> _Task details_:
In the data below, find the line with "ประกาศของโรงเรียนดีบุกพังงาวิทยายน" and the line with "Medals, three 0.999", then restate both and every line between them exactly, minus the pictures.

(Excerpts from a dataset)
####
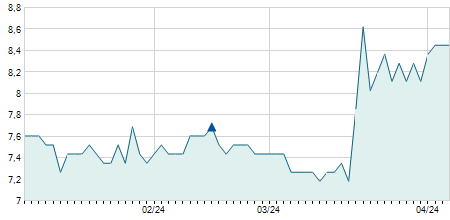 | 03/10/2018 | +0,60 / +4,76% | 13,20 | 13,20 | 13,20 | 13,20 | 13,20 | 9,50 | 100 |   |
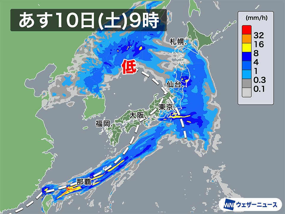 また、本州付近からのびる寒冷前線が奄美を通過して沖縄付近に南下します。こちらも活動が活発で、沖縄では大雨や落雷のおそれがあります。前線は沖縄本島付近まで南下したあと停滞する予想で、県内では断続的に11日(日)にかけて雨が強まる可能性があるため注意してください。
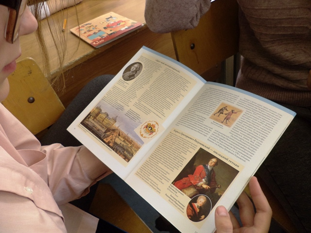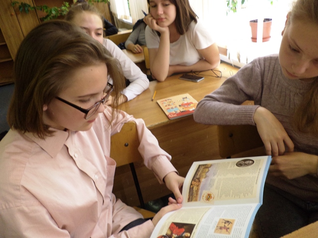 Гимназистам была предложена книжная выставка из фонда читального зала «Венценосная семья», посвященная русским государям вообще и Николаю II в частности. В конце мероприятия учащимся были розданы информационные буклеты, выполненные сотрудниками читального зала «Царствование Императора НиколаяII».
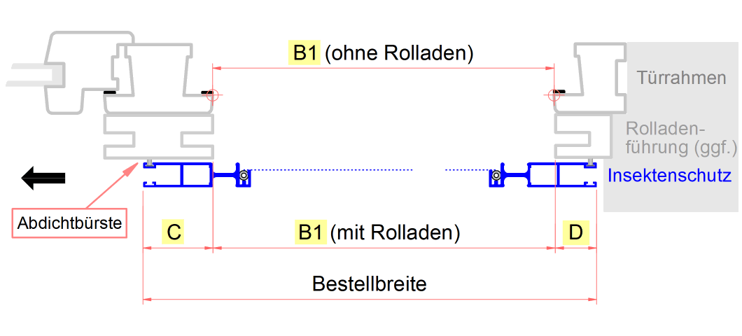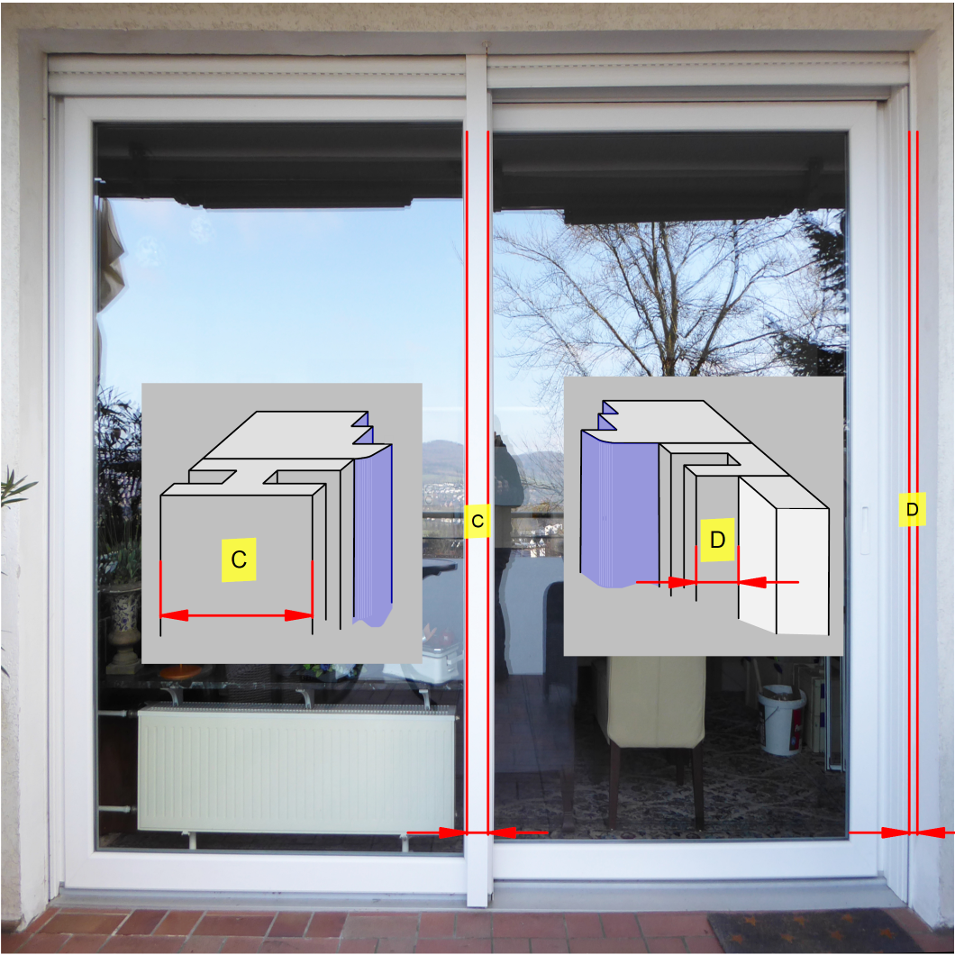 Rahmenprofile Aluminium 60 x 13,5 mm, mit durchgehender Griffmulde innen und außen. Obere Führungsschiene Winkel 43 x 20 mm, Boden-Winkelschiene 15 mm breit, 10 mm hoch. Laufrollen mit Edelstahl-Kugellagern, austauschbar, Aushängesicherung mit Hex-Schlüssel entriegelbar. Rahmen auf Gehrung mit Eckverschraubungen, Gewebe nach Wahl
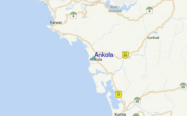 Use this relief map to navigate to tide stations, surf breaks and cities that are in the area of Ankola.
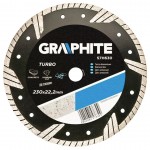 Turbo GRAPHITE 57H630 este un disc diamantat fabricat dintr-un aliaj de oțel mangan de înaltă calitate, conceput pentru a fi utilizat pe polizoare unghiulare manuale la tăierea betonului, granitului, marmurei, cărămizii, plăcilor ceramice și a altor materiale de construcții dure. Segmentele diamantate de înaltă rezistență asigură o tăiere eficientă. Discul diamantat Turbo GRAPHITE este potrivit pentru lucrări grele de construcții.
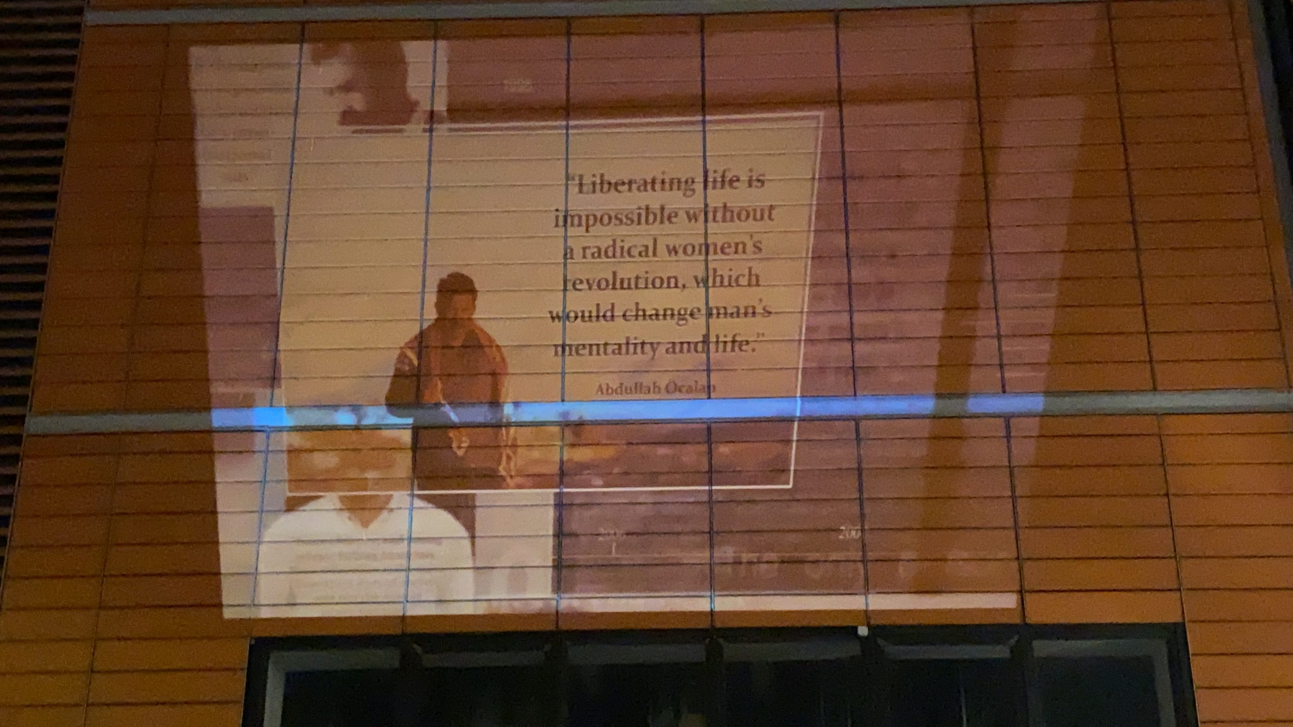 Alman Konsolosluğunu’nun yanındaki binaya Önder Öcalan’ın kadın özgürlüğü, kapitalist modernite ve PKK’yi anlatan değerlendirmelerinin olduğu video yansıtılırken, bunun yanı sıra gençler çok sayıda bildiri de dağıttı.
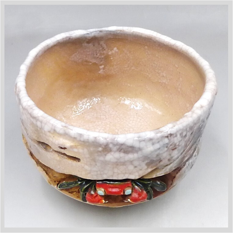 ◆製品名:楽山焼 蟹 茶碗 抹茶 湯呑 茶道具 名工 愛媛県松山 伊予 道後 陶器
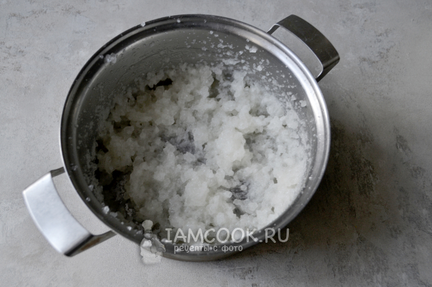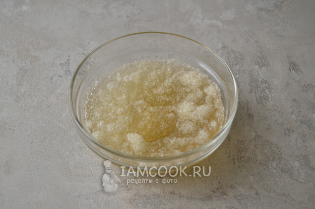 Желатин залейте холодной кипяченой водой и оставьте для набухания в соответствии с инструкцией на упаковке.
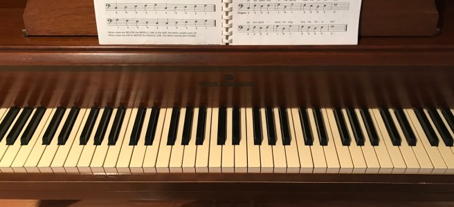 Da da da da-da-da. Da da da da-da-da. Da da-da-da, da da-da-da. Dum-da-da-da-da, da-da-da-da... Who knew such a simple melody could make a person so happy? Or at least make me so happy. After about three years, on and off, of lessons and practice, I have made it to page 107 of the Alfred's Basic … Continue reading Da da da da-da-da
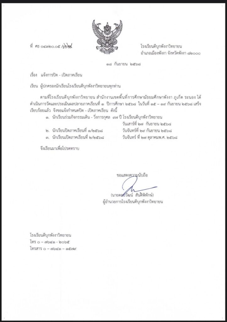 ประกาศของโรงเรียนดีบุกพังงาวิทยายน
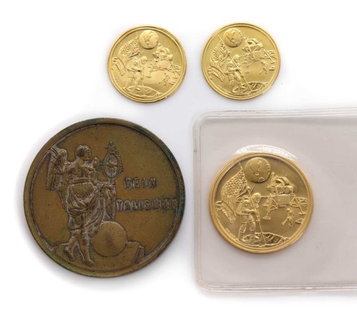 Medals, three 0.999 gold medals commemorating the first moon landing, approx 14 grams, together with a German 'Dein Talisman' (4)
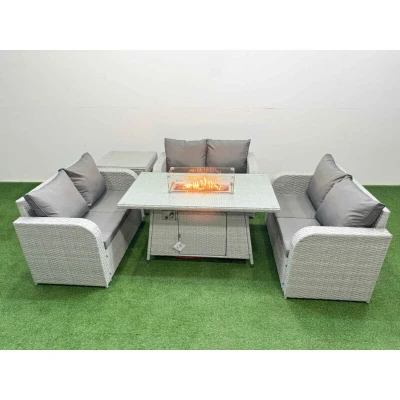 General description This Fimous 6 Seater PE Wicker Rattan Furniture Sofa Set includes a firepit dining table, a 2-seater love sofa, and a side table, all designed for outdoor comfort and style. The set features light grey PE rattan with dark grey fabric cushions, providing a modern aesthetic for your patio or garden. Technical specifications 3 x Love Sofa Size: 124W x 67D x 79H cm 1 x Side Table Size: 65L x 65W x 66H cm 1 x Firepit Dining Table Size: 140L x 80W x 69H cm 8 cm Thick Seat Cushion Material: Light grey PE rattan, dark grey fabric, galvanized steel tube frames with powder coating 5mm Thickness Transparent Tempered Glass Installation Items come flat packed and are easy to assemble. Ensure to check the product carefully before signing for delivery. Usage Place the gas fire pit on the glass top, not under it, and avoid covering the igniter with lava. Check for any gas leakage at the joints or hose before use. Keep cushions indoors or use a rain cover when not in use. Use a 5
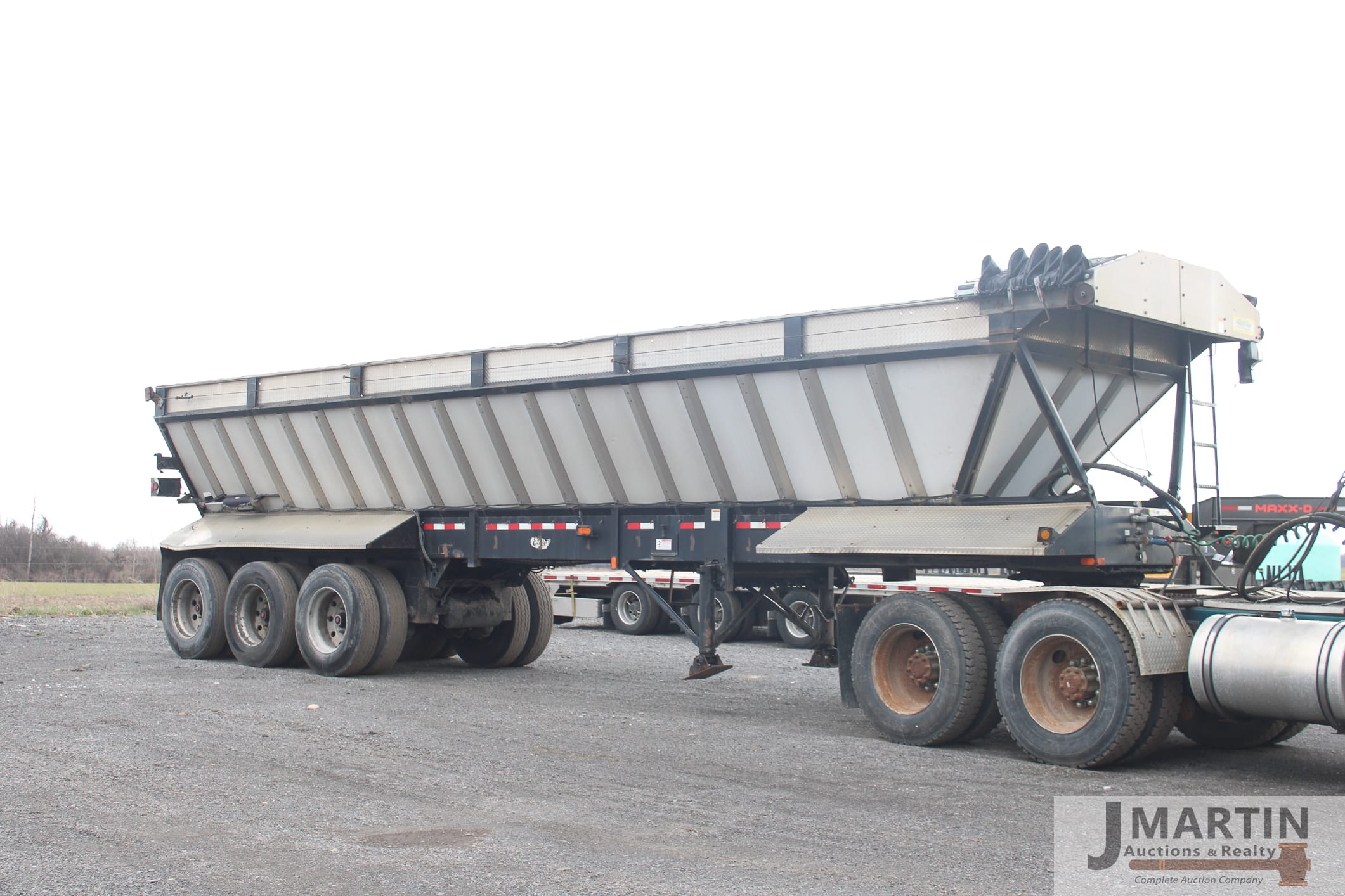 2004 Etnyre 36′ live bottom trailer w/ triaxle, air ride, 40” wide belt, split tail gate, 11R24.5 tires, front to back sliding tarp
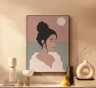 "Softly She Dreams" is a work of art that inspires peace and contemplation through its soft tones and clean lines. Reflecting the golden light of a peaceful day, this design brings a boho touch to any room. The gentle lines and soothing colors invite relaxation, while the simplicity of the piece allows it to adapt to a wide variety of interiors, whether a modern living room or a creative office. This design creates a warm and welcoming atmosphere, ideal for those looking to transform their space into a serene retreat.
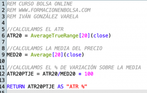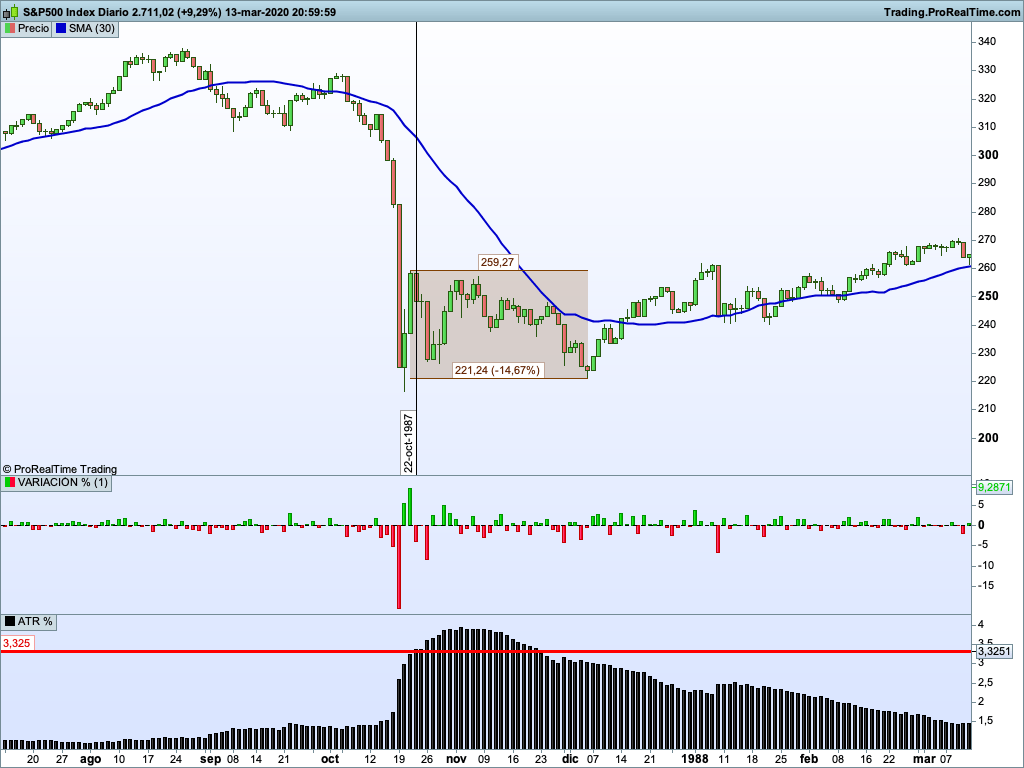 En el gráfico anterior puedes ver cómo el ATR creció súbitamente tras el crash de octubre de 1987. Entre el gráfico del precio y el ATR hay un indicador que he programado que se llama variación % y que muestra el % de variación del precio en la jornada.
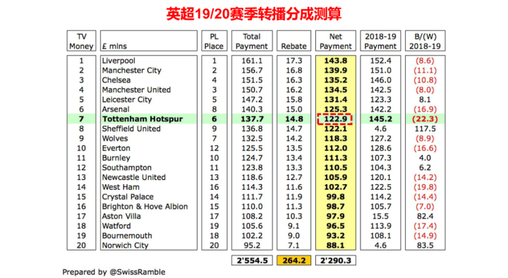 英超至今未官方公布19/20赛季转播分成,根据足球财务专家Swiss Ramble计算,上赛季排名第六的热刺收到英超转播分成约1.23亿英镑(扣除因延期而返还转播商的金额),低于排名第八的阿森纳,比冠军利物浦少拿2,090万,剩余部分收入将在20/21财年体现。
####
> _Expected answer_:
 ประกาศของโรงเรียนดีบุกพังงาวิทยายน
 Medals, three 0.999 gold medals commemorating the first moon landing, approx 14 grams, together with a German 'Dein Talisman' (4)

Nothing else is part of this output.